_Exercise prompt:_ Output every entry below exactly, without its pictures.

_Data supplied:_
################
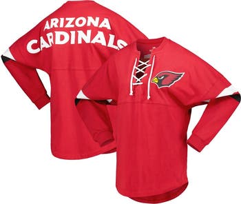 The Women's Fanatics Branded Cardinal Arizona Cardinals Spirit Jersey Lace-Up V-Neck Long Sleeve T-Shirt is the perfect way to show your unwavering support for the Arizona Cardinals. This stylish and comfortable shirt features dropped shoulders, low-puff screen print graphics, and a rounded droptail hem. The V-neck with lace-up detail adds a touch of femininity, making this shirt perfect for any Cardinals fan. Made from soft cotton, this shirt is sure to keep you comfortable all game long.
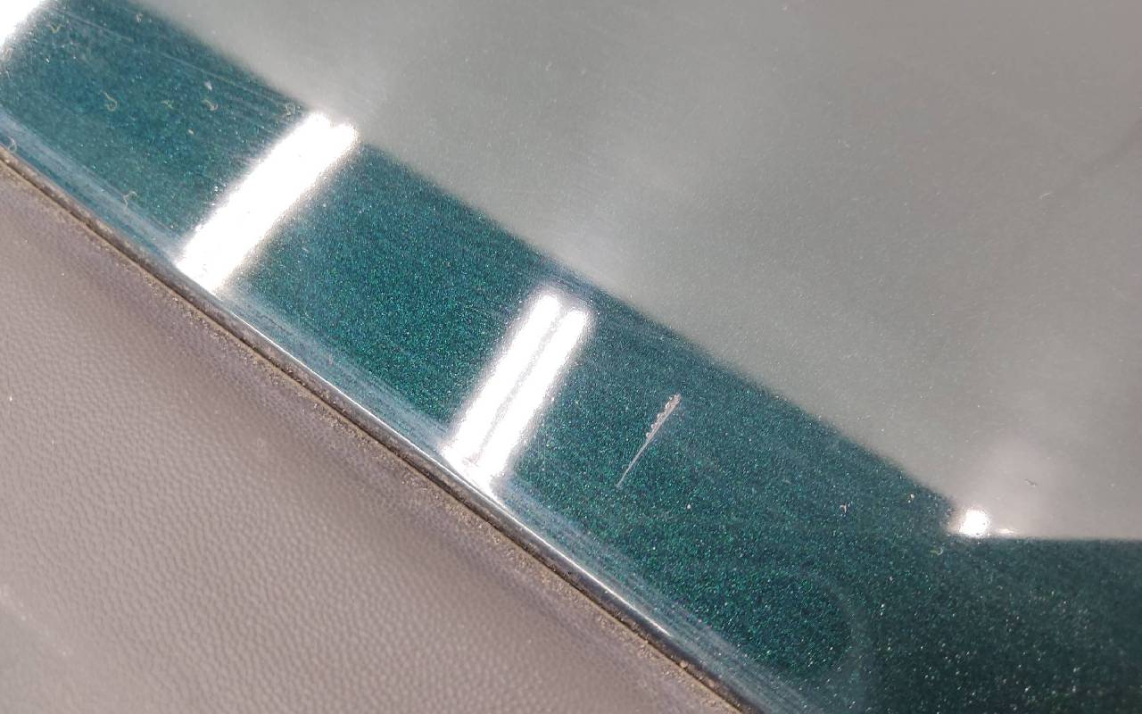 Состояние детали хорошее. Зелёного цвета, потёртости. Царапины на текстуре. Крепления целые. Ремонт не требуется
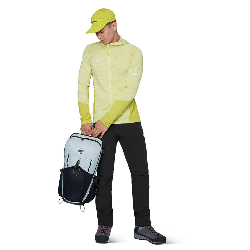Softshell-ul Mammut FLEXGUARD Active foarte rezistent mecanic face față cu ușurință abraziunii pe stânci. Este extensibilă în 4 direcții. Împreună cu genunchii preformați, garantează libertatea de mișcare. Talia poate fi ajustată cu ușurință cu ajutorul închiderii laterale cu Velcro cu profil redus. Un buzunar pe coapsă și două buzunare frontale cu fermoar stochează în siguranță obiectele de valoare. Partea de jos poate fi ajustată cu un cordon de strângere. Pur și simplu fixați-l la cizmele dvs. de drumeție sau alpine cu cârligul inferior. Veți dori să purtați acești pantaloni în munți pe tot parcursul anului. Completează-i cu chiloți funcționali și nu lăsa sezonul de vară să te oprească.
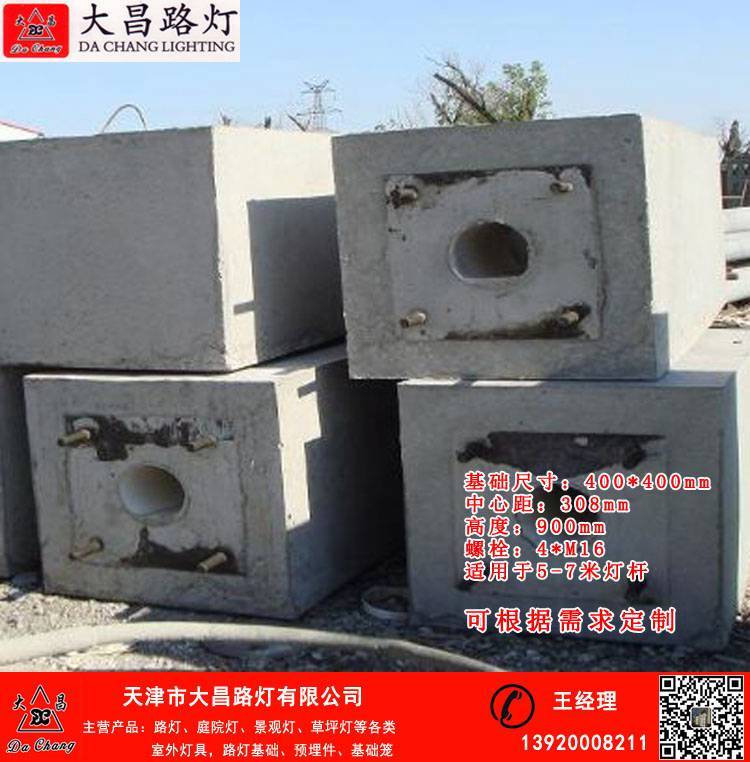7   本厂生产的路灯基础适合2米至20米路灯、庭院灯、太阳灯、景观灯使用。
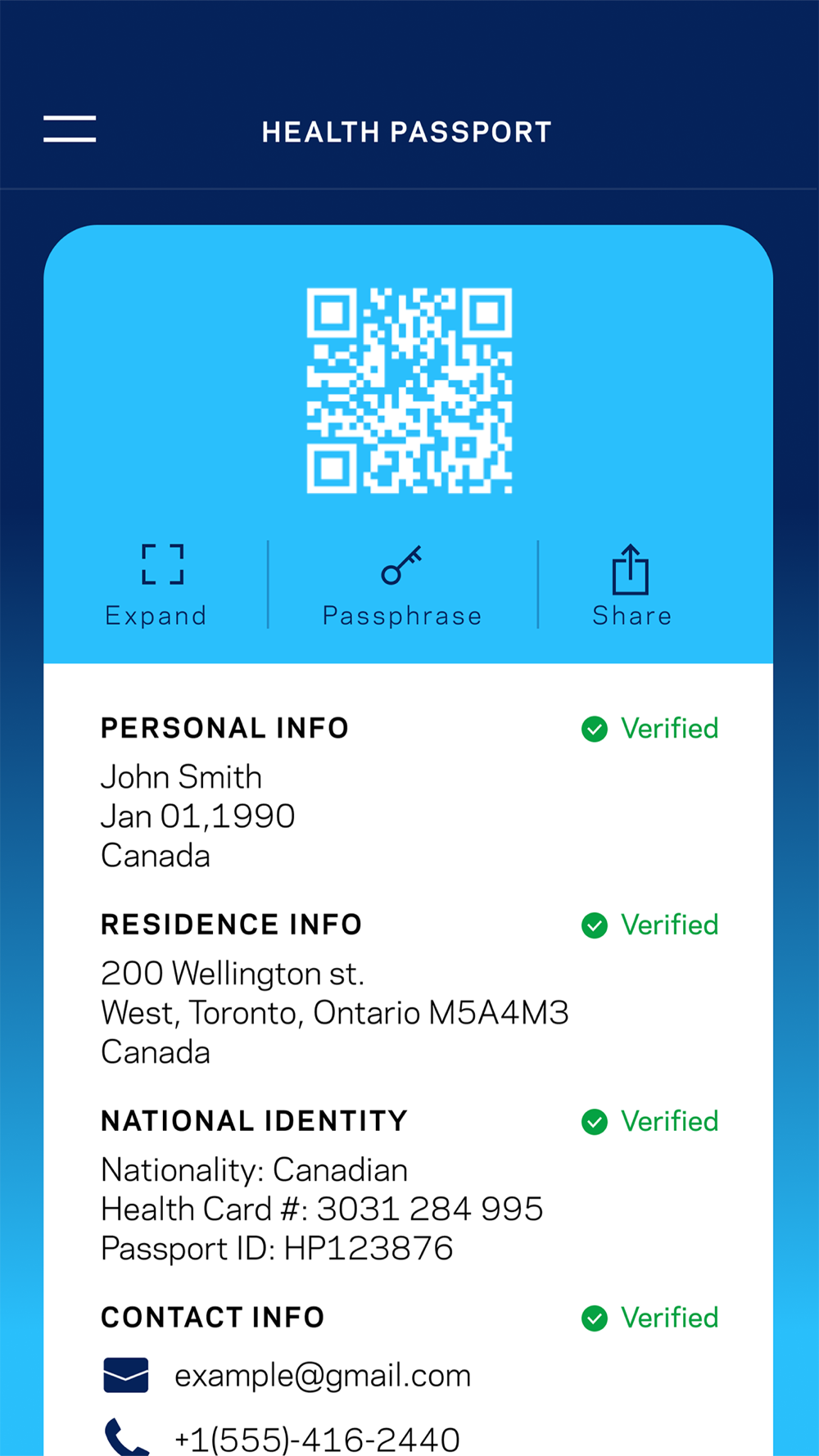 The International Health Passport is used as a Health Identity. Testing labs use this identity card to enter test results for viruses, vaccines and as immunity records. The App acts in conjunction with an ecosystem, which will allow industries, such as Travel and Tourism, to open up in the near future and prevent the economies from shutting down due to viral outbreaks.
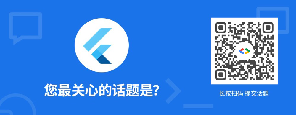 Flutter 在 2020 年依然没有停止前进的脚步。做为一个根植于社区的大型开源项目,Flutter 每一次更新都离不开开发者社区的活跃和贡献。我们从大家的反馈中获益良多,也希望与开发者交流您更关心的话题!
################
_Result of the task:_
 The Women's Fanatics Branded Cardinal Arizona Cardinals Spirit Jersey Lace-Up V-Neck Long Sleeve T-Shirt is the perfect way to show your unwavering support for the Arizona Cardinals. This stylish and comfortable shirt features dropped shoulders, low-puff screen print graphics, and a rounded droptail hem. The V-neck with lace-up detail adds a touch of femininity, making this shirt perfect for any Cardinals fan. Made from soft cotton, this shirt is sure to keep you comfortable all game long.
 Состояние детали хорошее. Зелёного цвета, потёртости. Царапины на текстуре. Крепления целые. Ремонт не требуется
Softshell-ul Mammut FLEXGUARD Active foarte rezistent mecanic face față cu ușurință abraziunii pe stânci. Este extensibilă în 4 direcții. Împreună cu genunchii preformați, garantează libertatea de mișcare. Talia poate fi ajustată cu ușurință cu ajutorul închiderii laterale cu Velcro cu profil redus. Un buzunar pe coapsă și două buzunare frontale cu fermoar stochează în siguranță obiectele de valoare. Partea de jos poate fi ajustată cu un cordon de strângere. Pur și simplu fixați-l la cizmele dvs. de drumeție sau alpine cu cârligul inferior. Veți dori să purtați acești pantaloni în munți pe tot parcursul anului. Completează-i cu chiloți funcționali și nu lăsa sezonul de vară să te oprească.
7   本厂生产的路灯基础适合2米至20米路灯、庭院灯、太阳灯、景观灯使用。
 The International Health Passport is used as a Health Identity. Testing labs use this identity card to enter test results for viruses, vaccines and as immunity records. The App acts in conjunction with an ecosystem, which will allow industries, such as Travel and Tourism, to open up in the near future and prevent the economies from shutting down due to viral outbreaks.
 Flutter 在 2020 年依然没有停止前进的脚步。做为一个根植于社区的大型开源项目,Flutter 每一次更新都离不开开发者社区的活跃和贡献。我们从大家的反馈中获益良多,也希望与开发者交流您更关心的话题!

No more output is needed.